Fixing the program to pass the right information would make more sense,
and rewriting the driver to not need an event handle and work like a real
Windows driver would make even more sense.
*****
Now the last error code is 3758555139.
****
Note that you need to display this in hex as well. It is 0xE0070003.

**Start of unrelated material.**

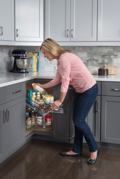 Give homeowners more convenience in the kitchen with a blind corner cabinet solution that does double duty. The Easy 360 Susan organizer from Hardware Resources increases usable space by adding drawer functionality to a rotating lazy Susan fixture. The chrome organizer includes two center baskets that pull out of the cabinet, plus four stationary side baskets. Clear acrylic non-slip liners keep contents from slipping and spilling. Each basket has a 175-pound capacity. The Easy 360 Susan requires a minimum 12 1/4-inch cabinet opening, and installers can adjust the height from 24 to 30 inches. hardwareresources.com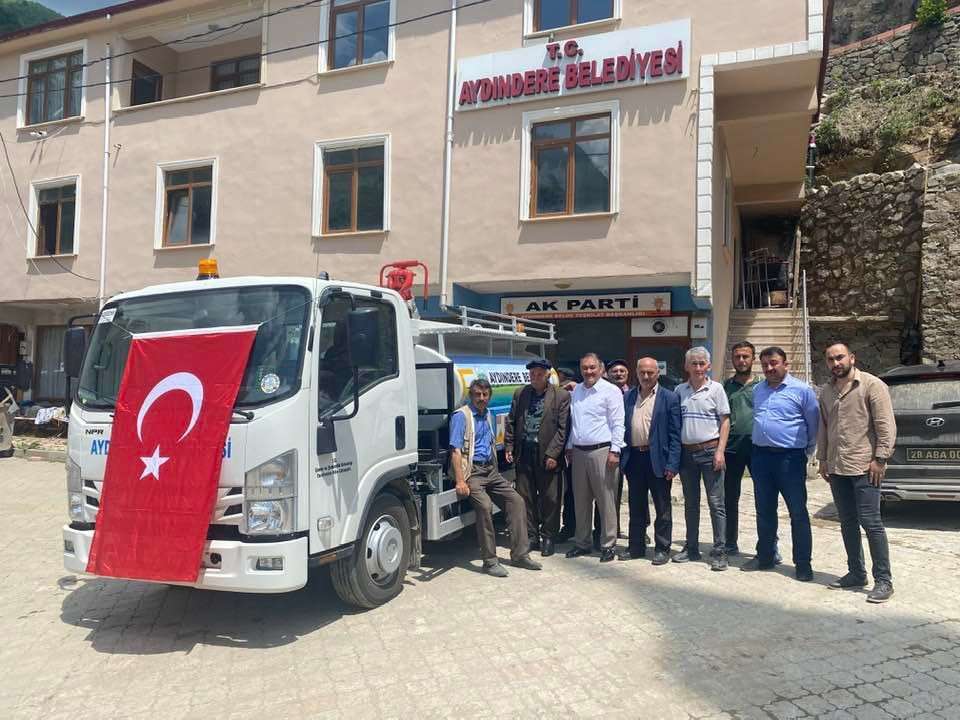 Hafta sonu Aydındere Beldesi belediyesine teslim edilen Arazöz aracı için konuşan Başkan Nuri Demir, “Yeni Arazöz bir nevi itfaiye aracımız olarak iş görecek. Aracın alınmasında başta Cumhurbaşkanımız Recep Tayyip Erdoğan’a, Çevre Şehircilik Ve İklim Değişikliği Bakanımız Murat Kurum’a, Milletvekillerimiz Cemal Öztürk’e, Kadir Aydın’a, Sabri Öztürk’e, AK Parti il Başkanımız Kenan Tatlı’ya AK Parti İlçe Başkanımız Necati Yıldırım’a, Belediye Meclis üyelerimize, emeği geçen herkese teşekkür ediyorum, beldemize hayırlı olsun” dedi.

THAT value has meaning! It suggests a user-defined error code (bit 29 is
- and after that you have to figure out why your driver returned this
code.
****
Unfortunately this is not a valid system error code. Because it is
outside the defined range of system error codes ( 0 … 15999 ).
****
If you had displayed it in hex, its meaning would have been obvious. It
is a user-defined error code.
****
So this system error code does not give me a hint on what might
be the reason for the occured error.
=====>
-
Does somebody know the reason for the described errors?
****
Well, we could start with the design, which is totally weird, and go to
the idea that you are calling the API incorrectly, are using casts
incorrectly, and are failing to recognize that GetLastError has meaning
ONLY iff the last API failed.
****
-
Can somebody tell me how to pass the event handle to my driver?
****
Rewrite your driver so it doesn’t use one. Or, if you have to use such a
bizarre design, pass the address of the buffer that holds the handle, and
pass it correctly.
****
-
Or can somebody tell me an URL to a code snippet with the correct
values
for CreateFile & DeviceIoControl to past down a handle into a driver.
****
I find the whole concept suspicious. You are trying to emulate some weird
historicall driver model from some other OS and have written something
that is well outside normal Windows driver behavior. Since Windows
already HAS a means of signalling an event (asynchronous I/O), why are you
creating a whole duplicate of this existing mechanism?